[Available data]

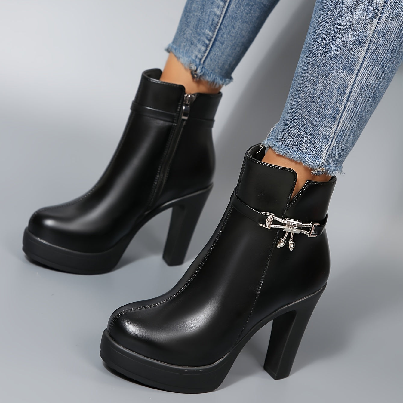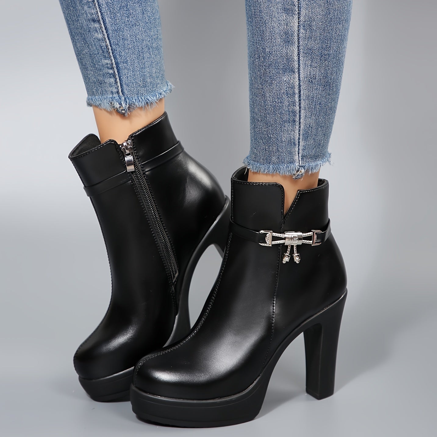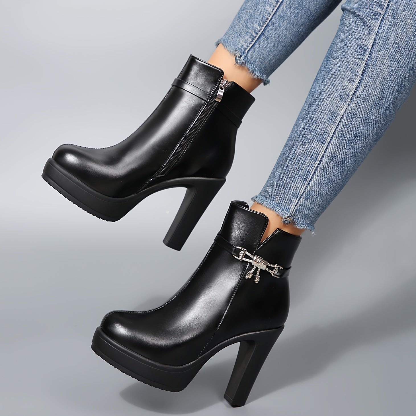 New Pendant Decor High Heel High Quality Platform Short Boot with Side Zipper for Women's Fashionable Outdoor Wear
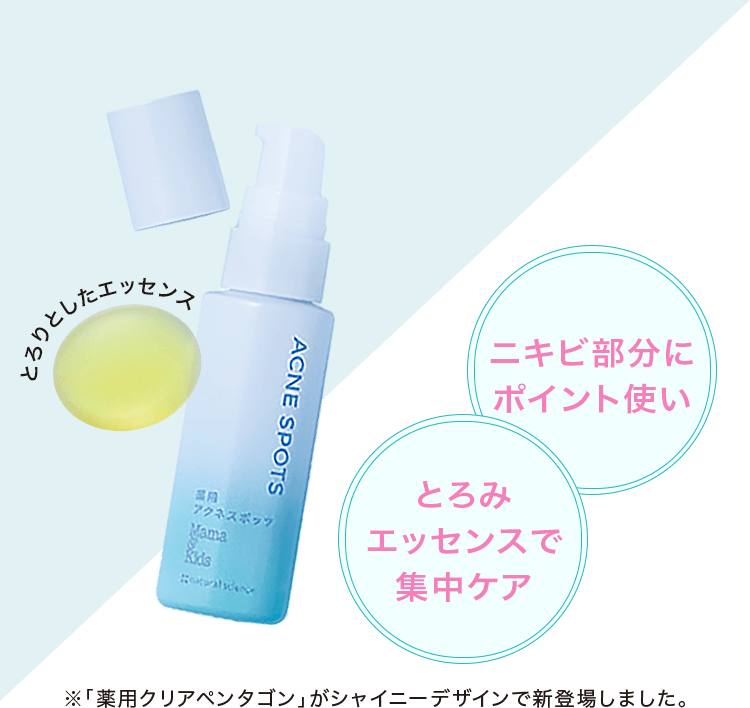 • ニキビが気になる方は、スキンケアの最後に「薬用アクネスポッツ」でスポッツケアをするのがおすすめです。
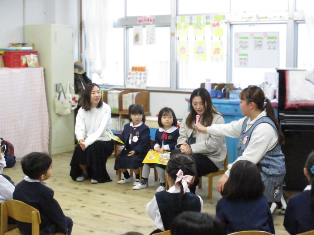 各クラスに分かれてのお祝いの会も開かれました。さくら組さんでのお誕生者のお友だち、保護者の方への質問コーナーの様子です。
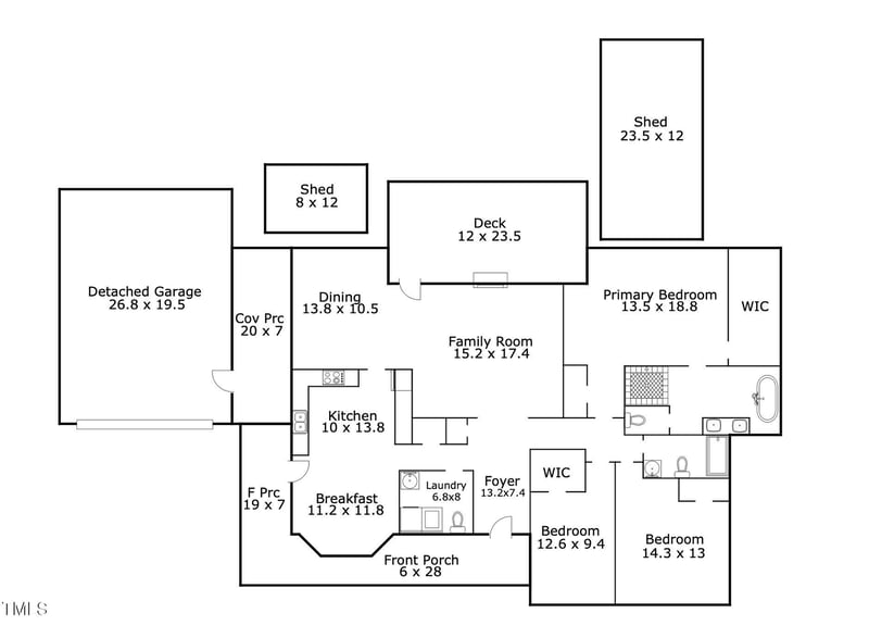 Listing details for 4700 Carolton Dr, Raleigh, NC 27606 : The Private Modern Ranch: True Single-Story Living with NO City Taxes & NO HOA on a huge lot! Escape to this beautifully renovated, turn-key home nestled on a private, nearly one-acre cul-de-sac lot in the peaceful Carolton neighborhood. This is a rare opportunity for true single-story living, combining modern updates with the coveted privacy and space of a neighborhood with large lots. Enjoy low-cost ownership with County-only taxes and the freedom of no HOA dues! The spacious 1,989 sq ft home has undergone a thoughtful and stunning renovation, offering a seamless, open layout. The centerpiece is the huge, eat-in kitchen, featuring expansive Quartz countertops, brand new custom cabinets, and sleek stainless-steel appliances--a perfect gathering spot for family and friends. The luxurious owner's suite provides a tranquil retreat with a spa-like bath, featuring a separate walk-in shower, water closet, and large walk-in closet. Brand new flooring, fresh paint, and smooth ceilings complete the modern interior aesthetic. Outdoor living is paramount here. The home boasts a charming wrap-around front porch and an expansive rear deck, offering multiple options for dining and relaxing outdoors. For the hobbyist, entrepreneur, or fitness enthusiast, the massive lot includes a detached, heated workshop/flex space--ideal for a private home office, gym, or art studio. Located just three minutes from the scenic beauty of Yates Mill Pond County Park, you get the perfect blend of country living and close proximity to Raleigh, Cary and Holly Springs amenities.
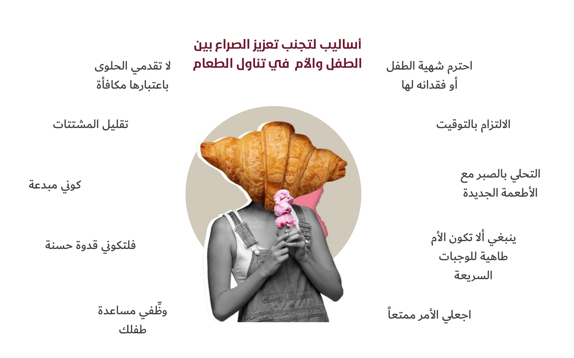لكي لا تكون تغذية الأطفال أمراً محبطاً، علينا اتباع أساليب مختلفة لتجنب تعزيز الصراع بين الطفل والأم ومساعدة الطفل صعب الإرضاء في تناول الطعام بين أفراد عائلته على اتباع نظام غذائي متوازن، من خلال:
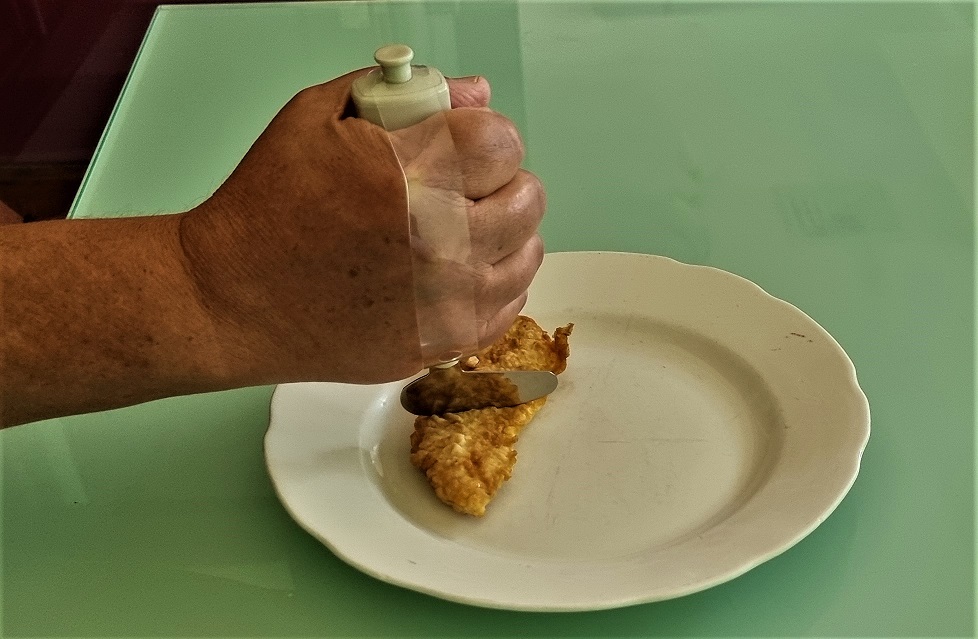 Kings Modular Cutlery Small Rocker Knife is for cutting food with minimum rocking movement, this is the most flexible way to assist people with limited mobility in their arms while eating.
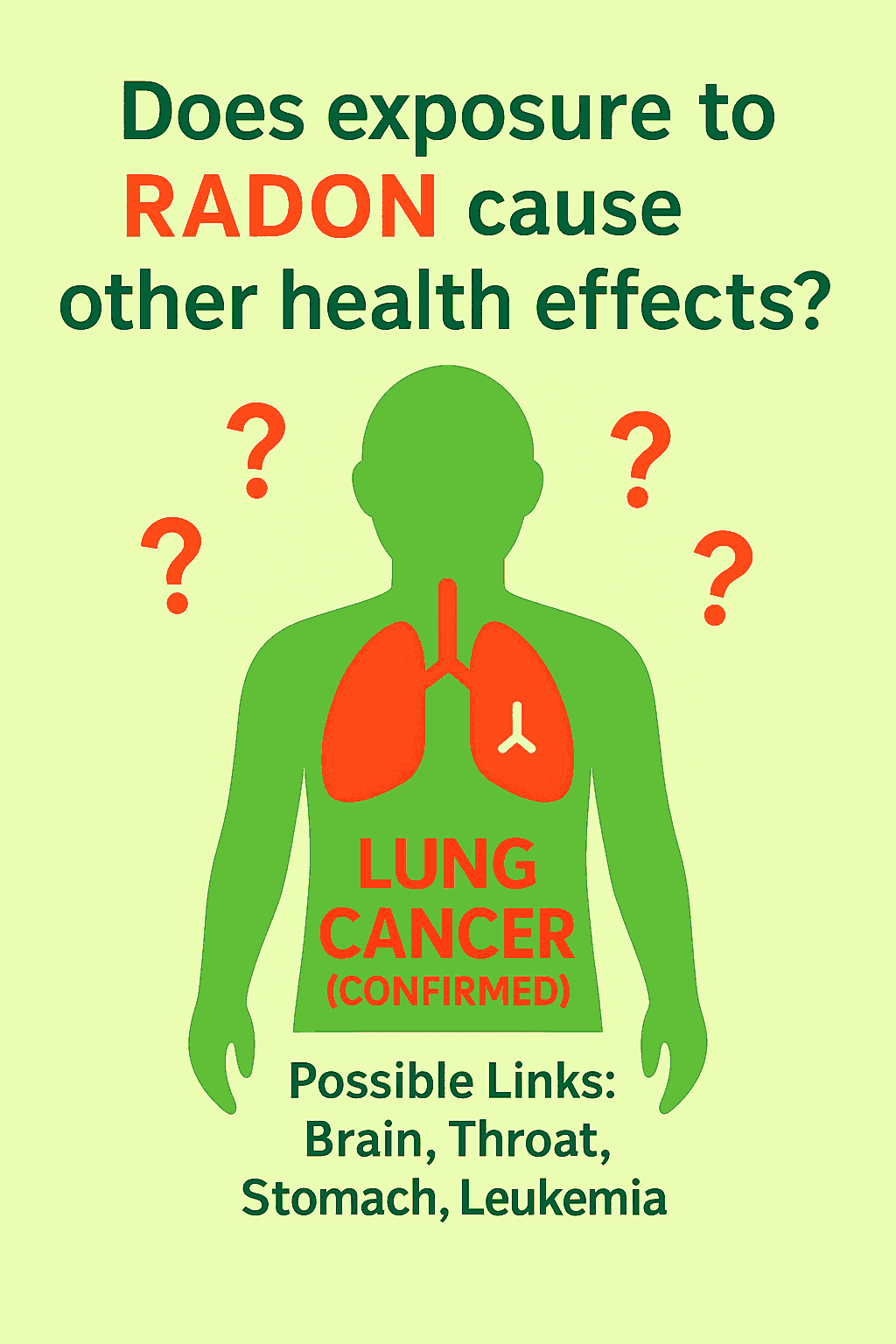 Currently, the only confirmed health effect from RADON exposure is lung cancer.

---

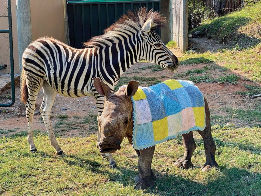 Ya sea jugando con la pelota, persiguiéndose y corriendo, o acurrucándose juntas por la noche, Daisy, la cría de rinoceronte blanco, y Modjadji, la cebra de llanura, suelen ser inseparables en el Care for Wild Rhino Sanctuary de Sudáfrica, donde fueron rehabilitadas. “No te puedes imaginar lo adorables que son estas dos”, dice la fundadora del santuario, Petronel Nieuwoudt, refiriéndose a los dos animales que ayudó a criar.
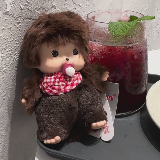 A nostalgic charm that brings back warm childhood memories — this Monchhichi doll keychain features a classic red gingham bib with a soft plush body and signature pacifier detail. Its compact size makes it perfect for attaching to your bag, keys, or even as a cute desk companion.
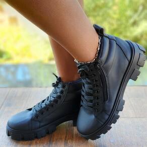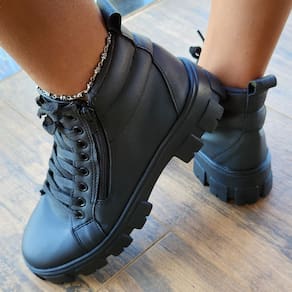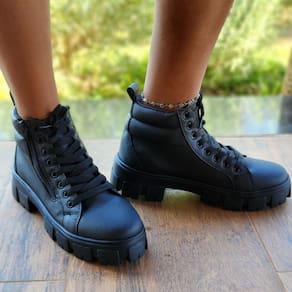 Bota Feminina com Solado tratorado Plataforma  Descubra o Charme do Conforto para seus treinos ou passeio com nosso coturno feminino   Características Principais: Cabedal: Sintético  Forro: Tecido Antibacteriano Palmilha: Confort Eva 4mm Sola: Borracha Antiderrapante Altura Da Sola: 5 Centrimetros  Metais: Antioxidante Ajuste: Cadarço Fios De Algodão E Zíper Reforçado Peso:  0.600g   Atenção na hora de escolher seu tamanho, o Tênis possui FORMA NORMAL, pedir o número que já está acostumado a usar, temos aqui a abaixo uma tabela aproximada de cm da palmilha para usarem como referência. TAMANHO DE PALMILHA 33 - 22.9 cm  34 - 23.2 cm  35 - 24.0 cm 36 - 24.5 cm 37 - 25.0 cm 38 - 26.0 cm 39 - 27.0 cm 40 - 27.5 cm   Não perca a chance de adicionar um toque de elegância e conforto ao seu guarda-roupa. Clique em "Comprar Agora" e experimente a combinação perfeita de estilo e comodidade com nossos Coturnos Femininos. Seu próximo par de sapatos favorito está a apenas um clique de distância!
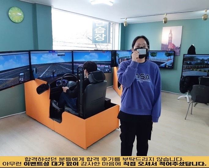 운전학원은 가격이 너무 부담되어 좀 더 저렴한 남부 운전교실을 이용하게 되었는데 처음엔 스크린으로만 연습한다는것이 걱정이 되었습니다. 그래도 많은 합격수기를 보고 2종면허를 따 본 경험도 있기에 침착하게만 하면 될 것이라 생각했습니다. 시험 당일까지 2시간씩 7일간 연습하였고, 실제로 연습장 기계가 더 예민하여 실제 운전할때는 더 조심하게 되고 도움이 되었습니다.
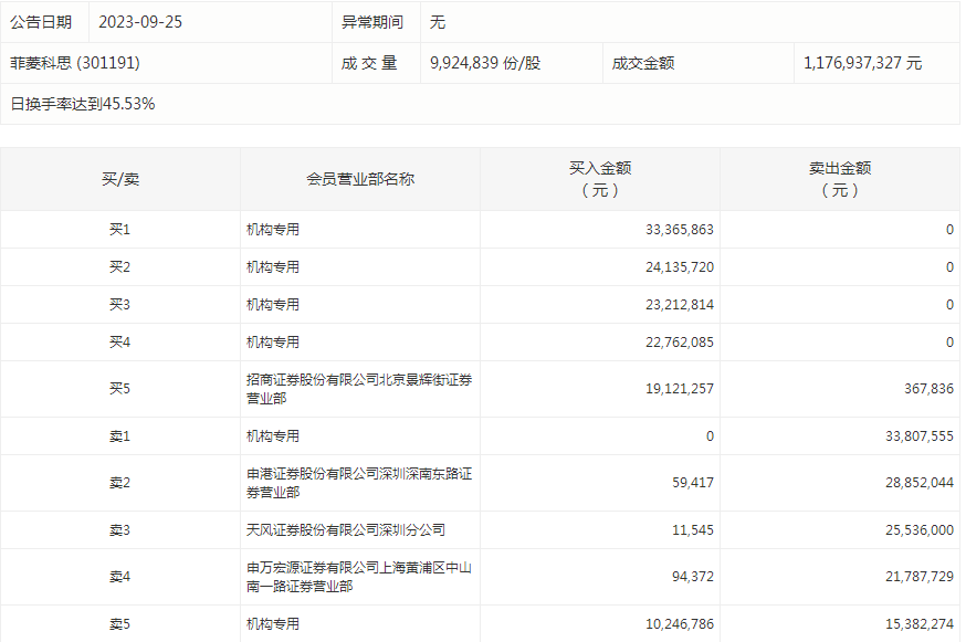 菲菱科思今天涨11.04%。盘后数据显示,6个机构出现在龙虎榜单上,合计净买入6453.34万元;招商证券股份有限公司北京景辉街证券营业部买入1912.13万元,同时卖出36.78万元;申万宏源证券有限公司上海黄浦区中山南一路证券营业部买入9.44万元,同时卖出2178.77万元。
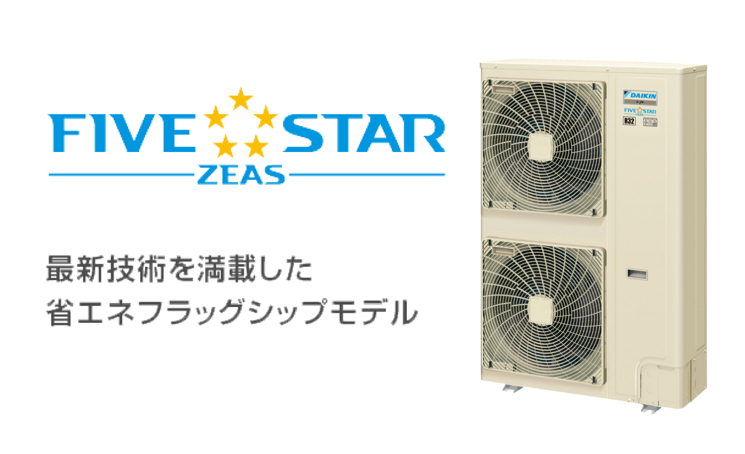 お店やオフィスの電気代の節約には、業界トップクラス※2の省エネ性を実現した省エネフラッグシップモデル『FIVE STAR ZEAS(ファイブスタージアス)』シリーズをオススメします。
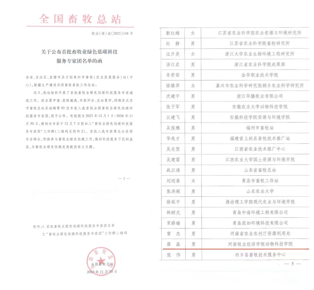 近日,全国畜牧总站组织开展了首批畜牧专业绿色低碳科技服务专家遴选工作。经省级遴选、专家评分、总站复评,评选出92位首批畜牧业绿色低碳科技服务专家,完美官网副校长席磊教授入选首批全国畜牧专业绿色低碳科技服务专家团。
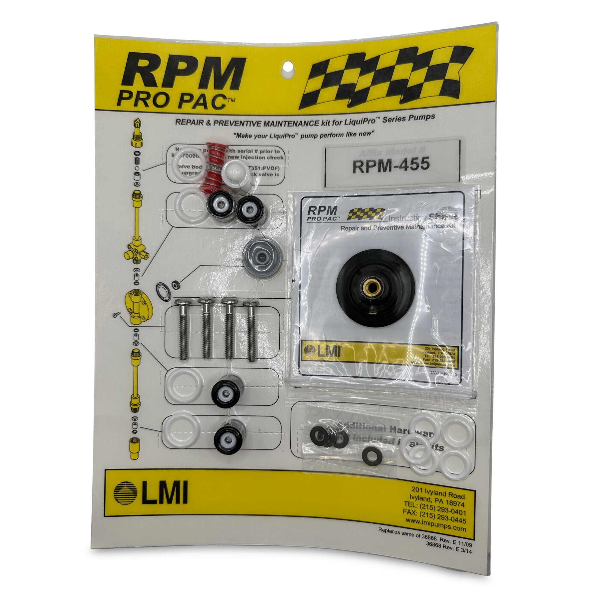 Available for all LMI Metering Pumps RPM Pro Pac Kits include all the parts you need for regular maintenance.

==

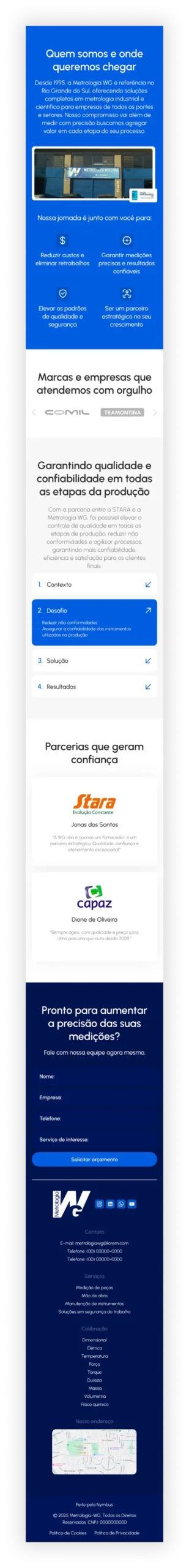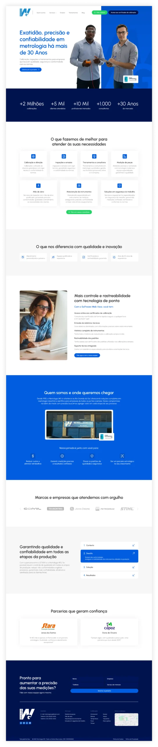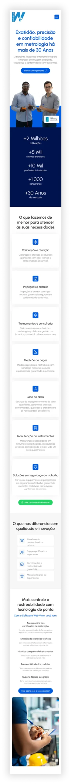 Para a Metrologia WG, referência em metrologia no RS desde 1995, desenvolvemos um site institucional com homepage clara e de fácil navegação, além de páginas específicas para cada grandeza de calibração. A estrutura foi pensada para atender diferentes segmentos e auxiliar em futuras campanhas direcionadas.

[Aim of the task]
While skipping the pictures, transcribe the data above from the line showing "Kings Modular Cutlery" through the line showing "Currently, the only", exactly and with both ends.

[Written response]
 Kings Modular Cutlery Small Rocker Knife is for cutting food with minimum rocking movement, this is the most flexible way to assist people with limited mobility in their arms while eating.
 Currently, the only confirmed health effect from RADON exposure is lung cancer.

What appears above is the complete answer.